There are still some rows that trigger fatal exceptions. It is still difficult to know which row is failing or why because we still aren't counting row numbers during exports. And even then there's the LIMIT, OFFSET problem described above.
These errors are few and far between enough that our code notes the error and moves on but better tracking and debugging for these cases is definitely on the TO DO list.
- Making this work on a Windows machine.
Copyright (c) 2013, Cooper Hewitt Smithsonian Design Museum. All rights reserved.
Redistribution and use in source and binary forms, with or without modification, are permitted provided that the following conditions are met:
Redistributions of source code must retain the above copyright notice, this list of conditions and the following disclaimer.

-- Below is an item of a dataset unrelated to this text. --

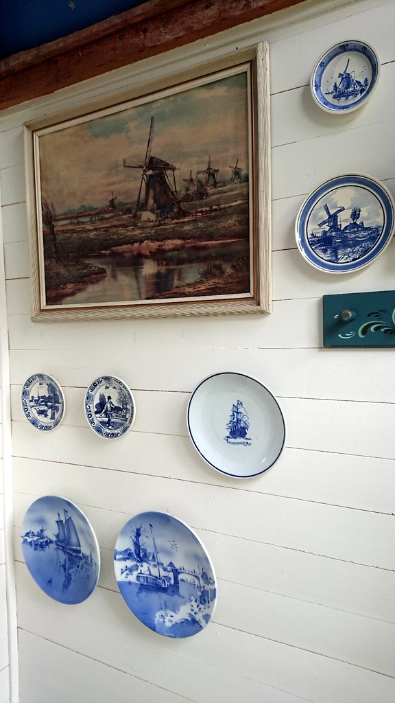 Ik vind dat we een gezellig toiletje hebben: met foto’s, schilderijen, tegeltjes en bordjes in Delfts blauw.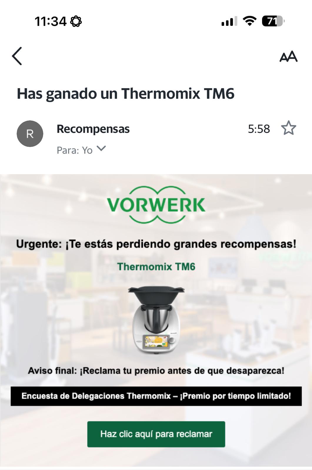 En este caso es mediante un link que “supuestamente” te hace participar en un sorteo para tener un thermomix GRATIS DE REGALO o en otro directamente sin participar te manda el link de canje de tu regalo ?.

Redistributions in binary form must reproduce the above copyright notice, this list of conditions and the following disclaimer in the documentation and/or other materials provided with the distribution.
THIS SOFTWARE IS PROVIDED BY THE COPYRIGHT HOLDERS AND CONTRIBUTORS "AS IS" AND ANY EXPRESS OR IMPLIED WARRANTIES, INCLUDING, BUT NOT LIMITED TO, THE IMPLIED WARRANTIES OF MERCHANTABILITY AND FITNESS FOR A PARTICULAR PURPOSE ARE DISCLAIMED. IN NO EVENT SHALL THE COPYRIGHT HOLDER OR CONTRIBUTORS BE LIABLE FOR ANY DIRECT, INDIRECT, INCIDENTAL, SPECIAL, EXEMPLARY, OR CONSEQUENTIAL DAMAGES (INCLUDING, BUT NOT LIMITED TO, PROCUREMENT OF SUBSTITUTE GOODS OR SERVICES; LOSS OF USE, DATA, OR PROFITS; OR BUSINESS INTERRUPTION) HOWEVER CAUSED AND ON ANY THEORY OF LIABILITY, WHETHER IN CONTRACT, STRICT LIABILITY, OR TORT (INCLUDING NEGLIGENCE OR OTHERWISE) ARISING IN ANY WAY OUT OF THE USE OF THIS SOFTWARE, EVEN IF ADVISED OF THE POSSIBILITY OF SUCH DAMAGE.